If you have been considering a career change and are thinking about working for yourself, it’s natural to have doubts and fears. However, it’s important to remember that many people have successfully transitioned from permanent employment to freelancing or contracting, and you can too. In this article, we will address some common concerns and provide you with information and advice to help you take the leap.
1. Recognize your transferable skills: Before embarking on a freelance career, evaluate your marketable skills. You need to identify a niche or in-demand skill that you can transfer from your current employer to your clients. Don’t be discouraged by the misconception that only project-based skills are marketable. Many roles require contractors to manage capacity or provide coverage in various scenarios. For example, if you are a journalist, you can offer your writing skills to multiple publications.
2. Gain experience: Some individuals believe they have the necessary transferable skills but lack experience in applying them. While clients do prefer experienced contractors, it’s possible to gain relevant experience in just a few months. Each project you undertake will contribute to your skillset, and you can also invest in formal training to keep your skills up-to-date. Offering your services for free to gain experience and goodwill is another option.

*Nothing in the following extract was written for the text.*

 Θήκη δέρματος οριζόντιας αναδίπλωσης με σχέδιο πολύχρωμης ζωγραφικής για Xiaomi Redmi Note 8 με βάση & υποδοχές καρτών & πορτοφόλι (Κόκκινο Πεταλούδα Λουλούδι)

3. Find work opportunities: If you possess the skills and experience, finding freelance work should not be a challenge. Numerous job boards and recruitment agencies specialize in matching contractors with suitable roles. Mastering the art of crafting an impressive CV and excelling in contract-specific interviews is crucial. While rejection is inevitable at first, it’s all part of the learning curve. Perseverance and following available advice and support will eventually result in finding work.
4. Overcome financial worries: Starting a business as a freelancer is relatively inexpensive. All you need is a computer, access to the internet, and the necessary software for your role. Accountants often offer free company incorporation and three-month packages, and insurance can be paid monthly. The primary financial barrier you might face is not securing work immediately. Before leaving your job, make sure you have saved enough to cover at least two to six months of living expenses.

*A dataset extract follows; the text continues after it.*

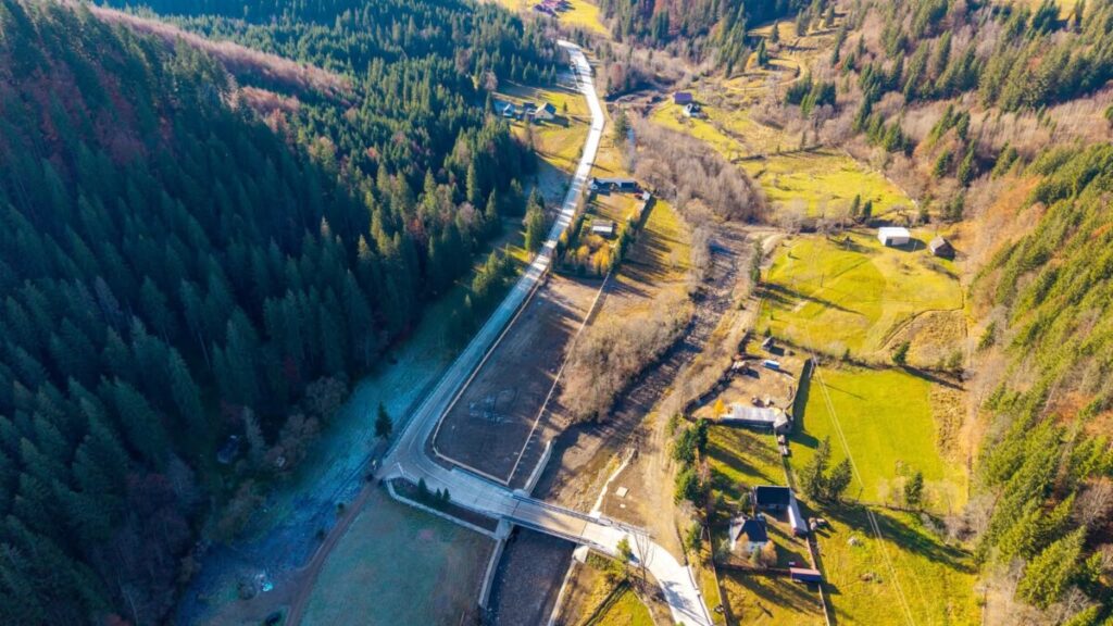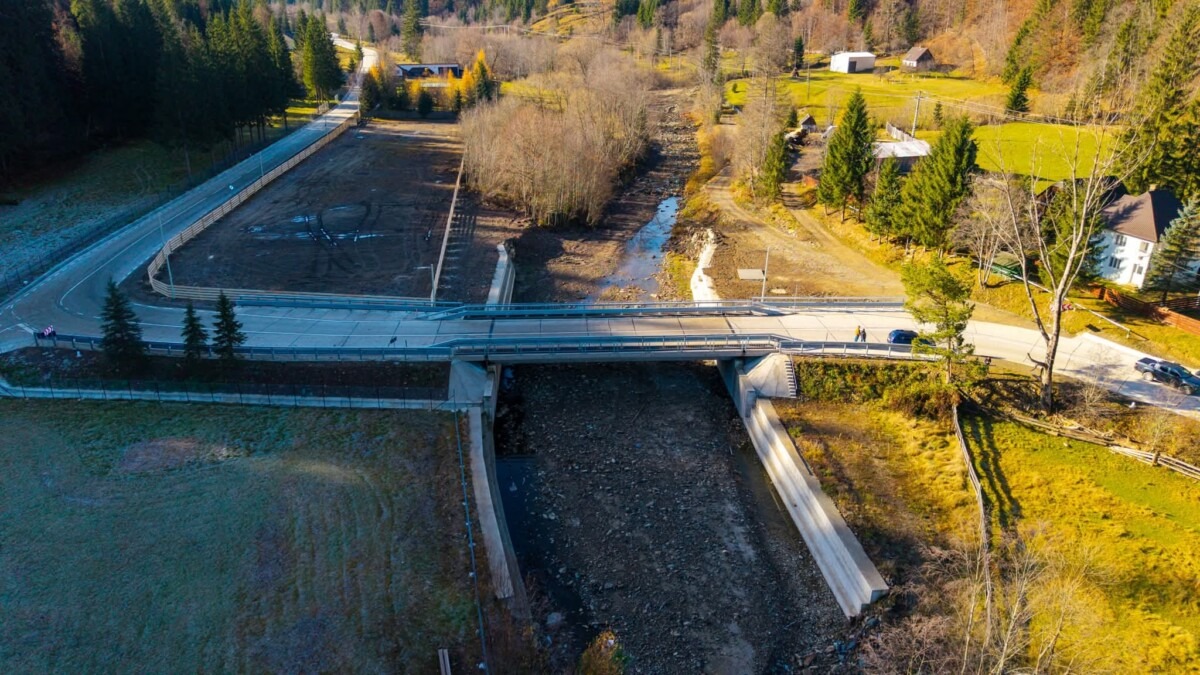 Lucrările au inclus șanțuri betonate, podețe noi, zone consolidate cu gabioane și construirea a trei poduri noi peste pâraiele Negru și Brodina, unul de 18 metri și două de aproximativ 30 de metri.

5. Age is not a limitation: Age should not deter you from pursuing freelancing or contracting. Older individuals can leverage their experience and expertise, while younger workers can capitalize on their fresh perspectives and cutting-edge skills. Demand for different skill levels varies, and there are opportunities for experienced professionals and recent graduates alike.
6. Overcoming other barriers: Some roles may require credit or security checks, which can pose challenges. However, there are plenty of contracts available that do not necessitate these checks. If you have a poor credit history, work on improving it over time. Security clearance can be a time-consuming process with potential outcomes that are beyond your control, but remember that there are still opportunities available.
Making the transition to freelance work may seem daunting, but many people have taken the plunge and succeeded. By identifying your marketable skills, gaining experience, finding work opportunities, addressing financial concerns, and embracing your unique assets, you can overcome any doubts or fears. Don’t let another year go by without exploring the possibilities that freelancing offers.